Был вечер, в окнах домов зажигались огни. Город быстро погружался в сумерки, и людей на улицах становилось все меньше. Двигая флюгеры, порывами налетал восточный ветер, редкий в этих местах. Он столкнул в небесах тучи, и по крышам простучали редкие капли дождя. Месяц подумал о том, что этот холодный ветер пришел из России, – быть может, он рождался у стен Александровской слободы, быть может, он играл московскими калитками и забавлялся с птицами у куполов православных храмов, быть может, он трепал листву березовых рощ, а потом обдувал плаху у ворот Кремля и раскачивал петли виселиц, не страшась образа смерти; и вскоре свистел в снастях кораблей в Нарве и поднимал бури в Восточном море, сам неся смерть незадачливому мореходу. Один и тот же ветер. О, вечный!… Он в далекие чужие земли принес дыхание многострадальной родной земли, он напомнил про российские беды и боль, про стенания и плач, про стук окровавленного топора, про скрип колеса пыток, про заговоры, отравы, расправы. В этом ветре Месяцу послышались и вздохи скорбящих, и шепоты клевещущих, и посвист ханской сабли, и гудение пламени на пожарище, а также поскрипывание перьев в руках думных бояр и тихий шелест книжных страниц под пальцами царя Иоанна…

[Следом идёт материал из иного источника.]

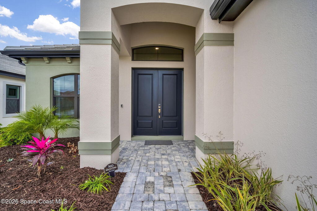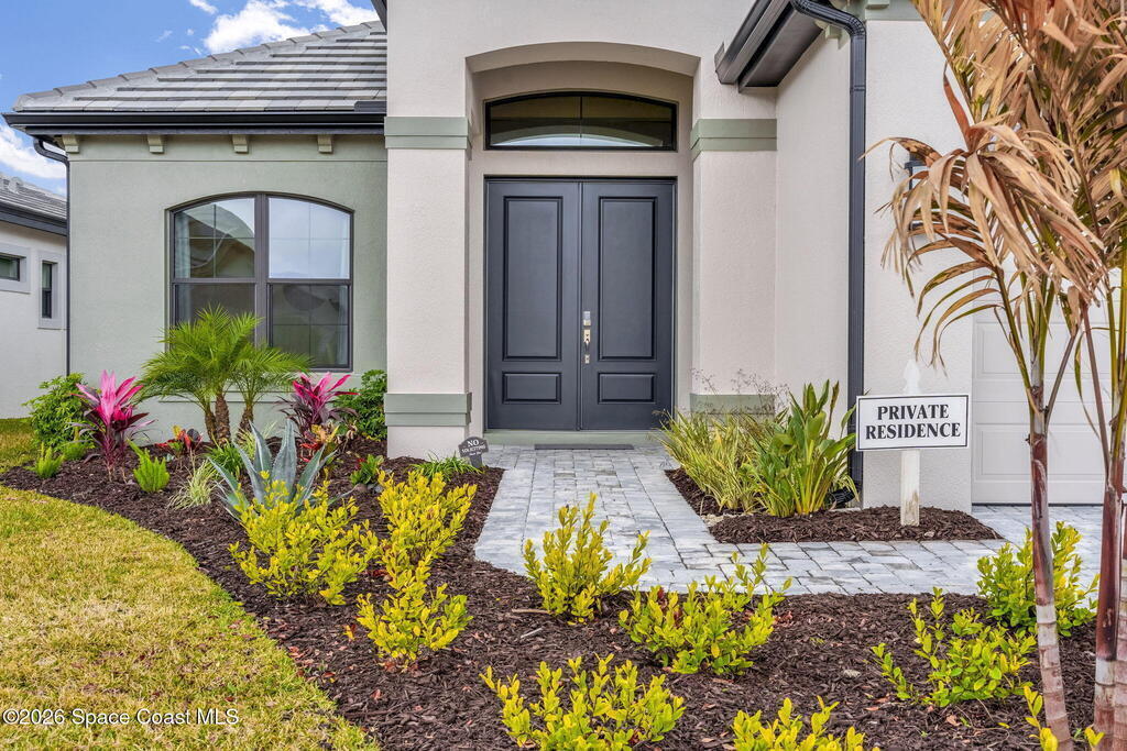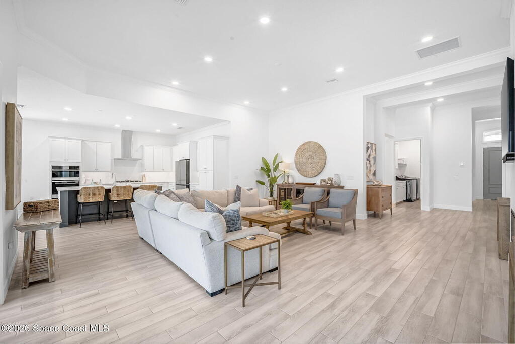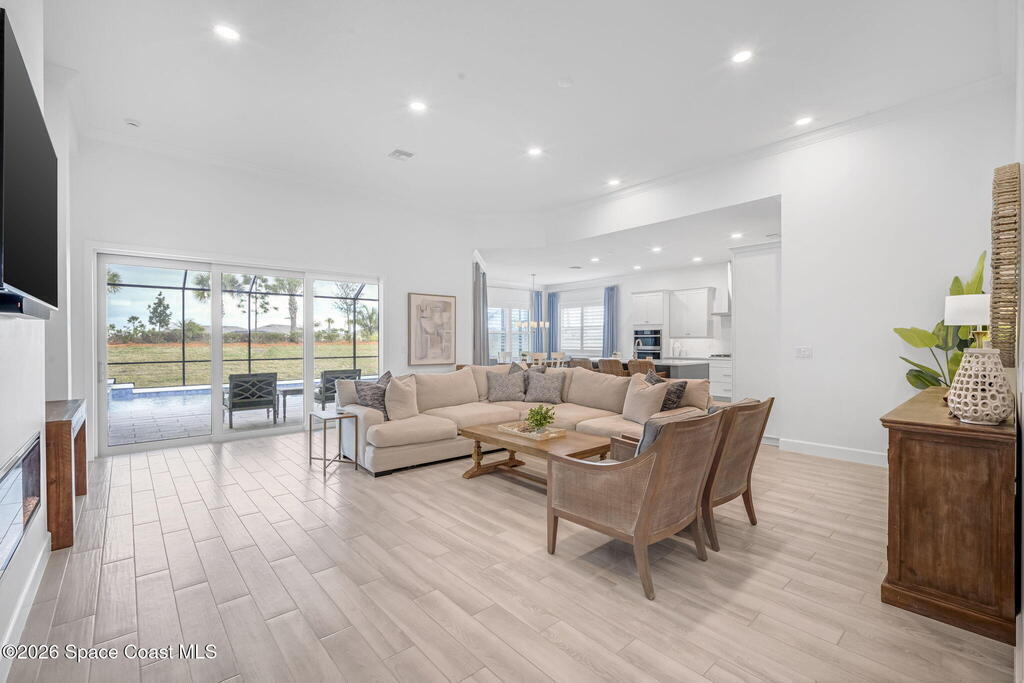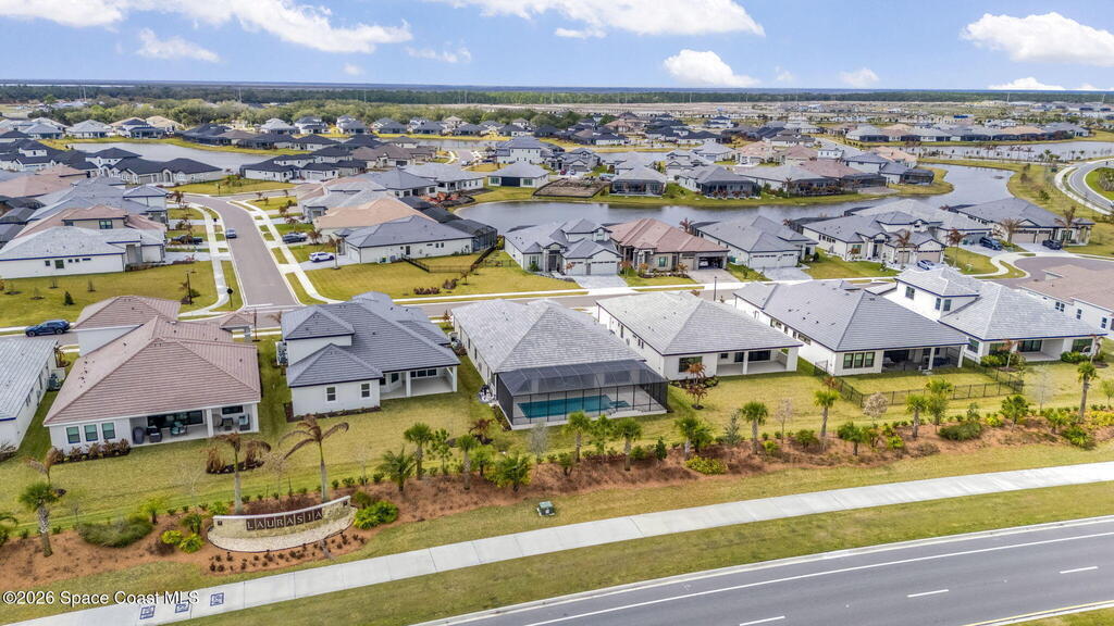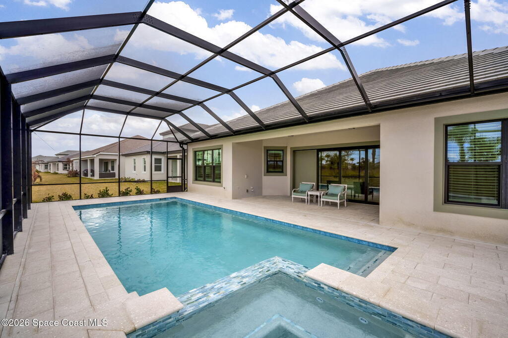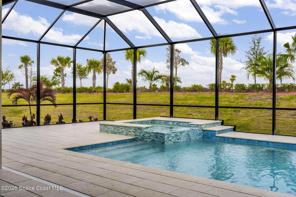 Skip the build time and step straight into luxury. Located in the gated community of Laurasia in Viera, this 2024 Mendocino offers the strongest value for a new pool home in Viera West, with designer upgrades complete and move-in ready. The backyard is a private retreat featuring a heated saltwater pool and spa with an elevated waterfall, full screen enclosure, and Shellock Artistic pavers throughout, designed for seamless indoor-outdoor living.Inside, the popular floor plan offers three bedrooms plus an OFFICE or flex space. Upgraded plank tile flows through the main living areas, leading to a gourmet kitchen with a 36-inch gas cooktop, wall oven and microwave combo, quartz countertops, and under-cabinet lighting. Eight-foot doors, crown molding, an electric fireplace, frameless glass showers, impact windows, recessed lighting, added gutters, and fresh landscaping complete this exceptional home near top-rated schools, shopping, dining, and golf cart-friendly amenities.

Месяц вознес глаза к небесам.

"Господи, величию Твоему нет конца! Останови черные тучи, Господи, скрывающие от детей Твоих солнце. Помилуй нас, грешных, воспевающих бренными устами имя Твое. Воссияй золотым сиянием; светом небесным озари темный разум человеческий, и сердце жестокое просвети и дай ему любви и сочувствия. И меня, стоящего на ладони Твоей, в добром здравии и покое перед ликом Твоим, меня, провидящего боль и мучения на пути моем, укрепи, как Сына своего укрепил, не дай ослепнуть от ненависти и оглохнуть от проклятий, не дай сердцу моему одряхлеть прежде времени от порока и от скудости милосердия. Останови черные тучи, Господи!…"

В это самое время последний малиновый луч заходящего солнца нашел прореху в череде туч и осветил ненадолго высокие любекские башни и крутые островерхие крыши домов, а ветер при этом как будто ослаб. Месяц увидел в этом хороший знак, и сумрачные мысли на время оставили его.

Коротко ударил колокол на Мариенкирхе. Пора было возвращаться на "Юстус". Месяц, Морталис, Линнеус и Андрее в этот день осмотрели весь город и приметили, где чего можно купить и где о чем можно спросить. У самых стен Кафедрального собора Месяц видел книготорговца, разложившего свой товар на низких легких столиках. Там было немало интересных книг, и Месяц решил про себя, что завтра непременно наведается к сему торговцу и не поскупится на серебро. Также повстречали немало трактиров, где досужие бюргеры и айнвонеры нескучно проводили время за кружкой пива или вина, за разговорами, становящимися по мере пития менее понятными и более развязными, за застольными играми и забавами, где всякий пьющий тебе друг, а всякая пьющая тебе любовница. Здесь, надеялись, можно было набрать недостающую дюжину к команде. И здесь же можно было многое узнать: что делается в свете, почем что продается, откуда дует ветер, кому нужен трюм…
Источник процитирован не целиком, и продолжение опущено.